Visualizing delivery performance metrics such as on-time and in-full delivery percentages.

def calculate_metrics_and_plot(data_frames):

    # Calculate Total Orders
    total_orders = orders_aggregate_df.shape[0]

    # Calculate On Time Delivery %
    on_time_delivery_percentage = (orders_aggregate_df['on_time'].sum() / total_orders) * 100

    # Calculate In Full Delivery %
    in_full_delivery_percentage = (orders_aggregate_df['in_full'].sum() / total_orders) * 100

    # Calculate On Time In Full %
    otif_delivery_percentage = (orders_aggregate_df['otif'].sum() / total_orders) * 100

    # Create a time-based index from date_df
    date_df['date'] = pd.to_datetime(date_df['mmm_yy'])  # Correct the column name
    date_df.set_index('date', inplace=True)

    # Aggregate delivery metrics by date
    aggregated_metrics = orders_aggregate_df.groupby('order_placement_date').mean()

    # Plot On Time Delivery %, In Full Delivery %, and On Time In Full % over time
    plt.figure(figsize=(10, 6))
    plt.plot(aggregated_metrics.index, aggregated_metrics['on_time'], label='On Time Delivery %')
    plt.plot(aggregated_metrics.index, aggregated_metrics['in_full'], label='In Full Delivery %')
    plt.plot(aggregated_metrics.index, aggregated_metrics['otif'], label='On Time In Full %')

    plt.xlabel('Date')
    plt.ylabel('Percentage')
    plt.title('Delivery Metrics Over Time')
    plt.legend()
    plt.xticks(rotation=45)
    plt.tight_layout()
    plt.show()

# Call the function with your data frames
data_frames = [ date_df, products_df,  order_lines_df, orders_aggregate_df]
calculate_metrics_and_plot(data_frames)

These are some of the possible Visualizations and KPIs to start with. You can find an in depth analysis in the github repo:
https://github.com/mehdy28/Supply_Chain_Desktop_App_1

Data Visualization Tools: Bringing Data to Life

To craft an engaging dashboard, leverage data visualization tools like Matplotlib and Seaborn. These tools empower you to create visually appealing charts and graphs that effectively communicate crucial insights. Thoughtful selection of chart types, colors, and labels ensures your dashboard strikes the perfect balance between information and aesthetics.

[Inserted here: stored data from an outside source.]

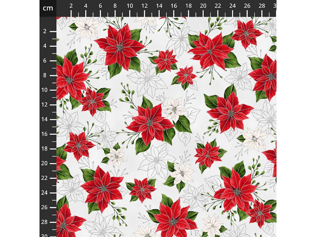 Hoffman 3298-901 Blooming Holidays vícebarevná vánoční stříbrotisk bavlněná látka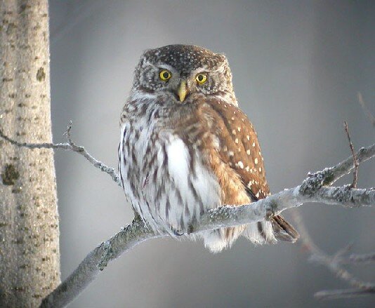 Стайка из синичек и корольков с поползнями перепархивала от дерева к дереву в поисках корма. Несколько синичек устремились к пихте, на которой сидел сычик.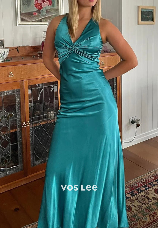 Simple & Casual Halter V Neck Pleated Mermaid Long Prom Dresses with High Split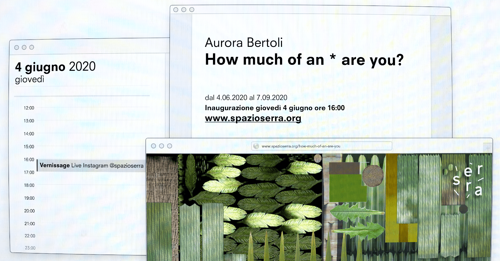 spazioSERRA è un non-luogo in cui l’arte dei giovani artisti si manifesta come un incidente di percorso. Fisicamente è situato all’interno del Passante Ferroviario di Lancetti, ma non ha un indirizzo proprio e sembra non appartenere a nessuna carta geografica. Uno degli obiettivi dello spazio è quello di spostare questa caratteristica in un’altra realtà, quella virtuale. Vista l’emergenza sanitaria, SERRA anticipa quello che sarebbe stato un dispositivo espositivo della prossima stagione, avviando la prima delle esibizioni digitali con How much of an * are you? di Aurora Bertoli. L’artista, diplomata in Pittura all’Accademia di Belle Arti di Brera di Milano e laureanda in Arti Visive allo IUAV di Venezia, sviluppa la sua prima mostra personale nel sito internet di spazioSERRA.

User Interactivity: Enhancing User Experience

Interactivity is the lifeblood of any effective dashboard. Implement features enabling users to filter and drill down into specific data points. Users should seamlessly select date ranges or customer segments to access pertinent insights. User-friendly interactivity elevates your dashboard’s usability and value.

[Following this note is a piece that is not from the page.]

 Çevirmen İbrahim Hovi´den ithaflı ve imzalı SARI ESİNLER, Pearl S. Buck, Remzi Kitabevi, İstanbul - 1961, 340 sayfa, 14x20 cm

Conclusion: Paving the Path to Supply Chain Excellence

In this inaugural part of our series, we’ve embarked on a journey to elevate your supply chain management project. The fusion of data analysis, visualization, and dashboard creation is setting the stage for a groundbreaking app. Remember, this is just the beginning – the next article will delve into the creation of a robust database to store your valuable data. By mastering these foundational aspects, you’re on track to craft a supply chain app that optimizes logistics, empowers decision-makers, and propels businesses towards excellence.
Stay tuned for Part 2, where we’ll guide you through the intricate process of database development. Your dream of creating a transformative supply chain management app is well within reach. Keep the momentum going, and let’s collectively shape the future of logistics and operations!


Disclaimer: The code snippets provided are illustrative examples. Actual implementation may vary based on your specific requirements and programming environment.